___ Records for processing
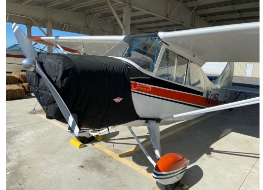
Aeronca Champ 7AC Insulated Engine Cover
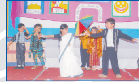
A splendid dance performance displaying Shringar Ras
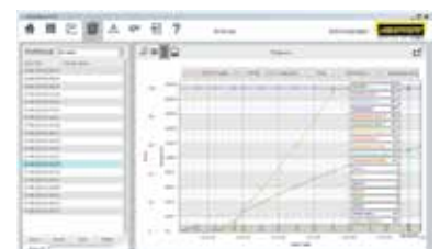
Graphic display of process curve
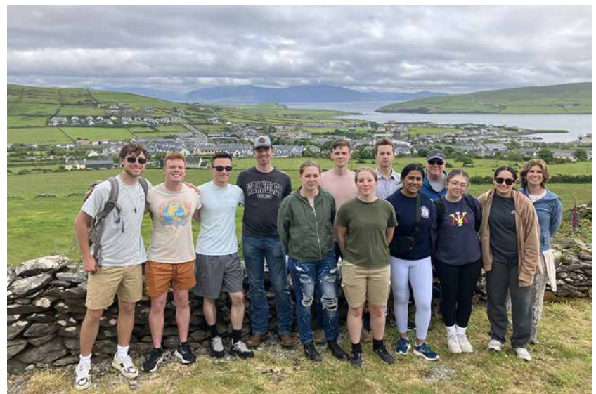
The VMI contingent gather at Cnoc a’Cairn in Ireland, the famine graveyard, overlooking Dingle Bay and the Atlantic Ocean.
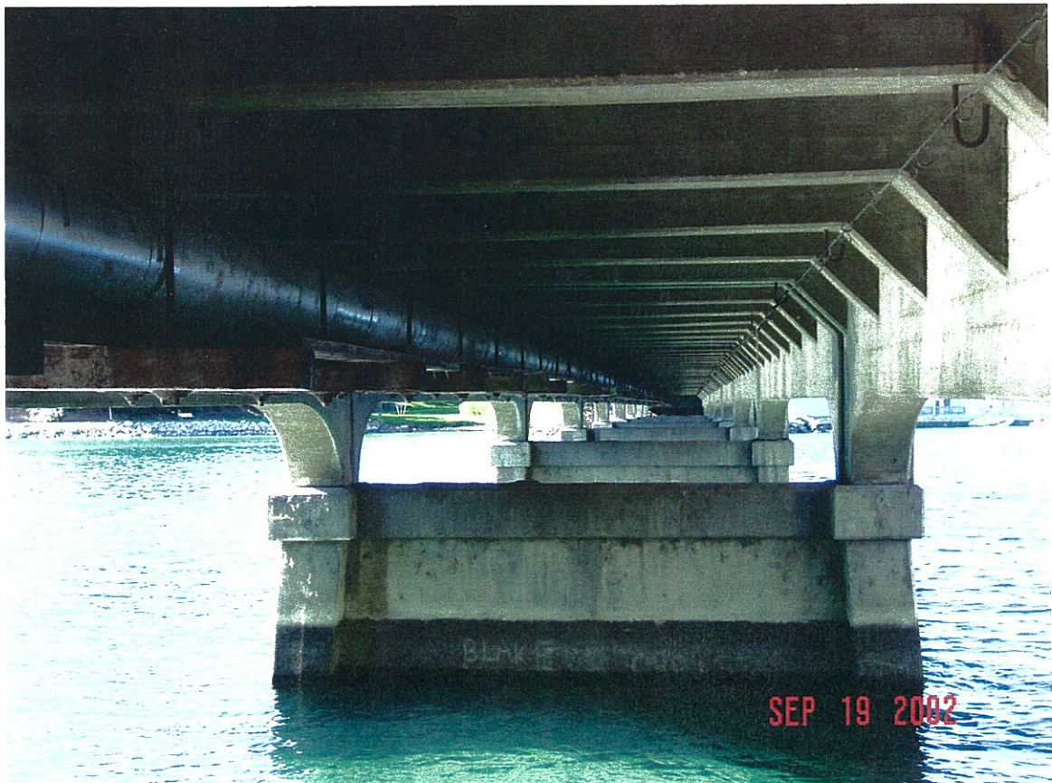
Water Main (looking south)
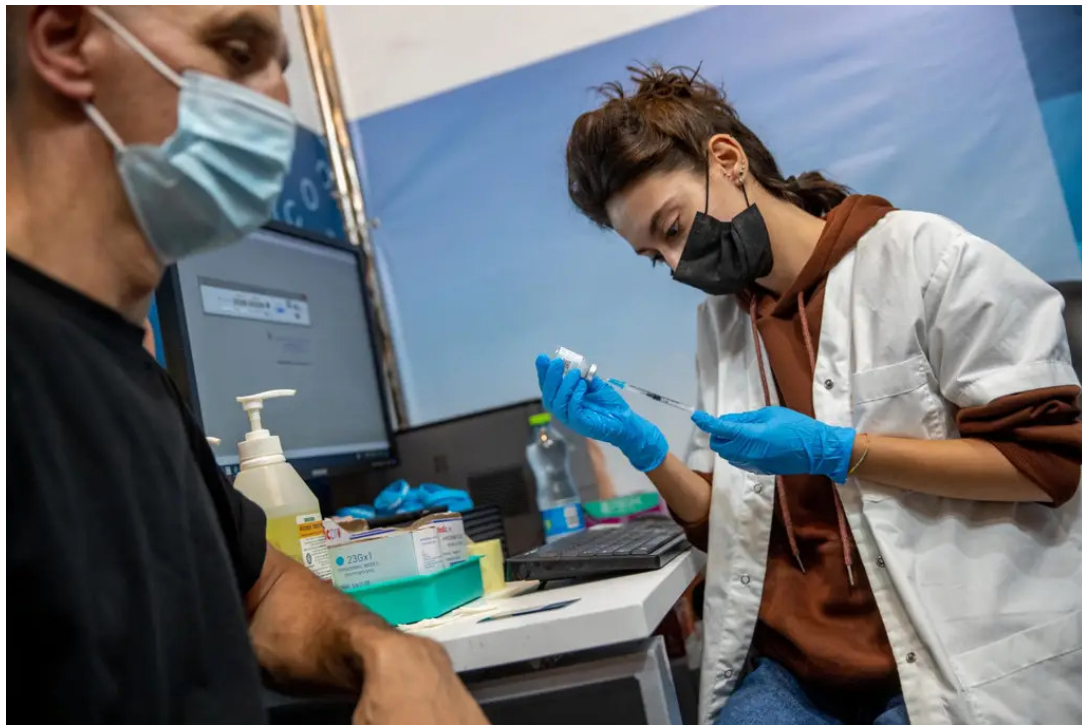
A nurse about to administer a booster shot at a medical center in Jerusalem last week.
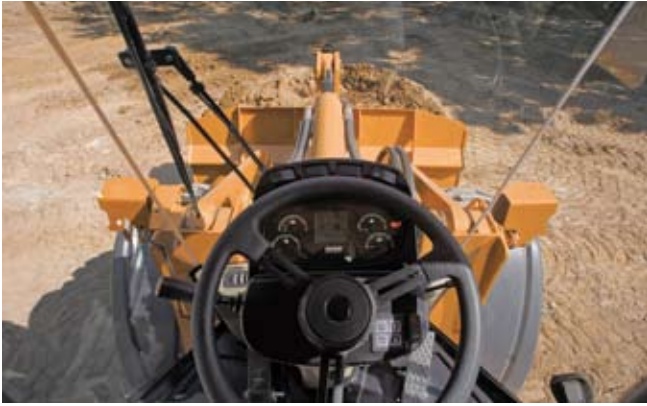
Floor-to-ceiling glass in the front, along with a sloping rear engine compartment, gives the operator a panoramic view, with maximum visibility both forward and to the rear.

more-thorough heating and cooling, plus a thermal box that keeps food and beverages hot or cold, during long hours of operation.
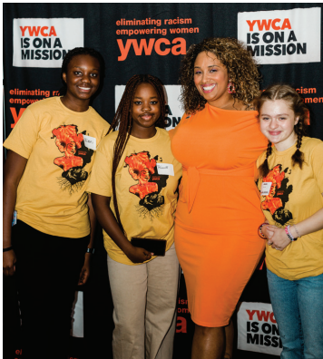
Students from Emma Willard School at the 23rd Annual Resourceful Women's Awards
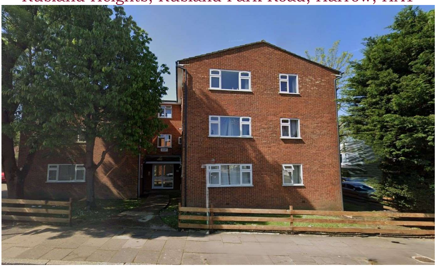
FOR SALE £240,000 Leasehold

Rusland Heights, Rusland Park Road, Harrow, HA1
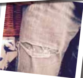
Patch your jeans
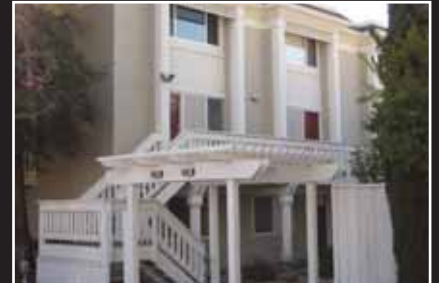
BARRACLOUGH & DAVIS OPEN SUN 1-4

PLEASANTON $369,000 2 bedroom, 2 bath condo near downtown Pleasanton. Approximately 1029 square feet of living space. This roomy condo has newer carpet and doors, ceiling fans and recessed lighting. 3399 Norton Way
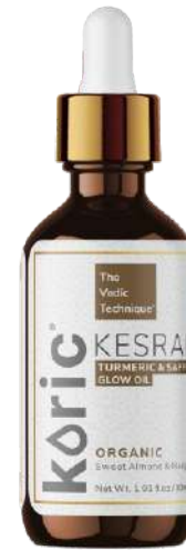
Kesrani: Turmeric & Saffron Glow Oil
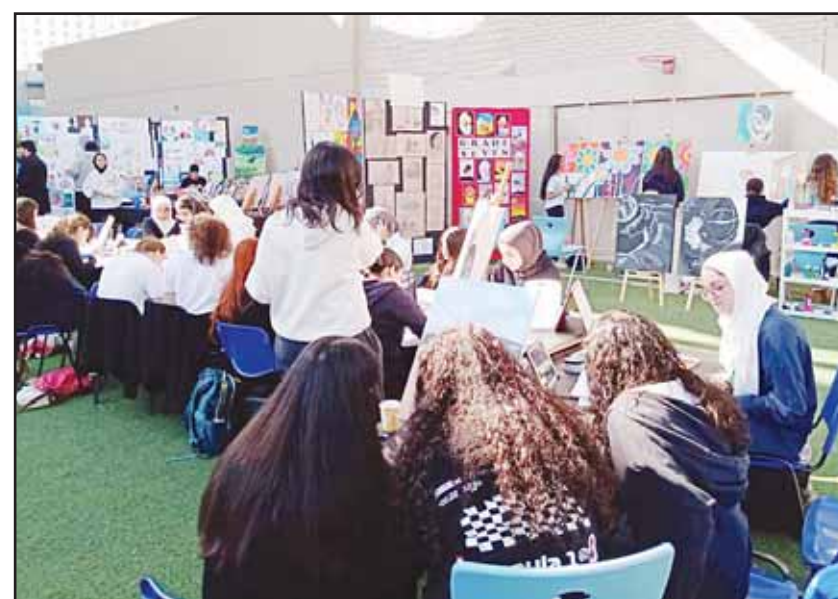
Students engaged in the Exhibition.
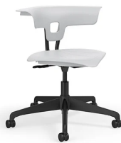
Task Chair >
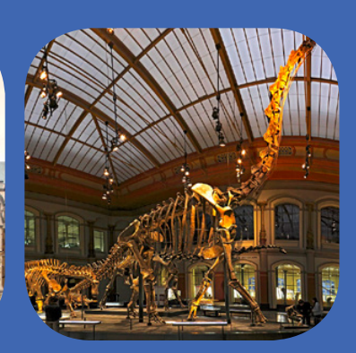
Natural History Museum
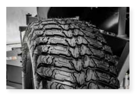
22" BIAS PLY TIRES Spartan exclusive tread design for improved traction both on level ground and on inclines. Large diameter tires roll over imperfections better.
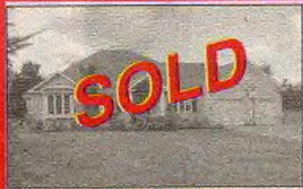
ERIN - $584,000
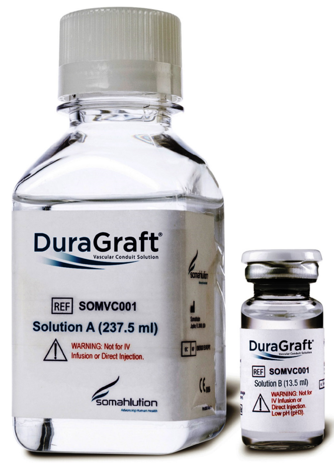
Figure 1 DuraGraft treatment solution.

will be conducted on all patients who withdraw or who are discontinued from the study.
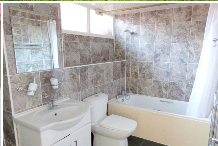
Dovedale Close HAREFIELD, MIDDLESEX, UB9 6DQ
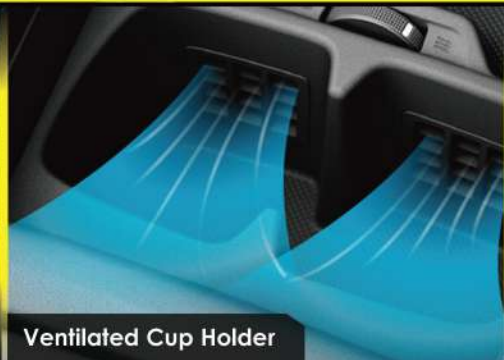
Ventilated Cup Holder
______
## Problem statement
Return each line of the preceding material in which "from" can be found.

## Result
Students from Emma Willard School at the 23rd Annual Resourceful Women's Awards
will be conducted on all patients who withdraw or who are discontinued from the study.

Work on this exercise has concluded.